Context Needed for Taylor Swift vs. Amy Poehler and Tina Fey Feud, Please

Paul Drinkwater/Eamonn McCormack/Getty Images

Posted by on 03/05/2013 at 1:35 PM News

The Popdust Files: Amy Poehler, feuds, taylor swift, tina fey, vanity fair

If you’re a conscientious follower of popular television and/or music, you’re going to read a lot of headlines this afternoon about the bubbling feud between professional funnywomen Amy Poehler and Tina Fey and pop megastar Taylor Swift. This supposed flare-up dates back to the comedy duo’s hosting gig at the Golden Globes, which Taylor attended, and in which the women made a joke at Swift’s expense by demanding that she “stay away from Michael J. Fox’s son,” an obvious dig at her reputation as a love-crazy (or maybe just straight-up crazy) girl intent on dating just about every young guy in Hollywood.

Swift has now supposedly escalated the joke into an actual beef with the comments she made in a recent Vanity Fair profile, concerning Poehler and Fey’s comments. The exact quote from the article reads as such:

‘You know, Katie Couric is one of my favorite people,’ Taylor Swift tells Vanity Fair contributing editor Nancy Jo Sales on the subject of mean girls in general and in response to an incident at this year’s Golden Globes, where Amy Poehler and Tina Fey mocked her highly scrutinized love life. ‘Because she said to me she had heard a quote that she loved, that said, ‘There’s a special place in hell for women who don’t help other women.’’

Now, a lot of people are going to read this and just get “TAYLOR SWIFT FIRES BACK AT AMY AND TINA” from this. But hold on a second—don’t we need a little more info, a little more context from her quote? All Sales and the magazine gives us is that Swift gives the quote “on the subject of mean girls in general and in response to an incident at this year’s Golden Globes.” But we have no idea what exactly Sales asked her about the incident, or if she just alluded to it as a larger part of question about mean-girl bullying, something Taylor has always been fairly obviously against.
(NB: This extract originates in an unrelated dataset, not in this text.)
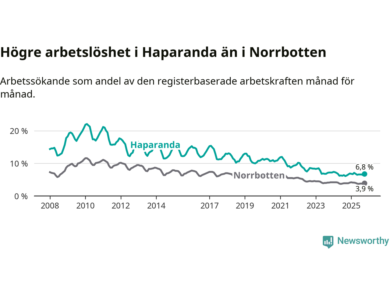 | Haparanda | 6,8 % | +0,5 % ▲ |
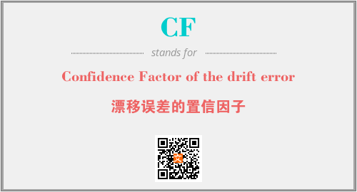 上述内容是“Confidence Factor of the drift error”作为“CF”的缩写,解释为“漂移误差的置信因子”时的信息,以及英文缩略词CF所代表的英文单词,其对应的中文拼音、详细解释以及在英文中的流行度和相关分类、应用领域及应用示例等。

By the time she answered Sales’ question, she might not have even remembered that the Poehler/Fey quote was even part of it.

We bring it up, because it really doesn’t seem like Taylor’s style to us to take an explicit shot like this at two respected comedians (and generally beloved people) like Amy and Tina, to basically imply that they’ll burn in hell for their joke about her. Sure, she’s probably tired of the many ill-informed and reductive swipes at her love life, as any of us would be in her shoes, and maybe she didn’t appreciate that particular joke at that point in time. But she’s also a professional, someone all too aware that her life is under the microscope, and we doubt she’s quite so humorless that she takes a joke at an award ceremony—where just about any celebrity present is roasted in some form or another—so personally and so to heart as this.

Before we takeVanity Fair at their word here, we need a more explicit transcript of that part of Sales’ conversation with Swift, to know that her comment was actually directed specifically at Amy and Tina, and not just Taylor doing her part in the good fight against girl-on-girl bullying. In the meantime, we’d be a little surprised if we didn’t see some sort of clarifying statement from Taylor’s camp in the next 24 hours or so, talking about how her quote was taken out of context and she really has the utmost respect for the two comedic greats.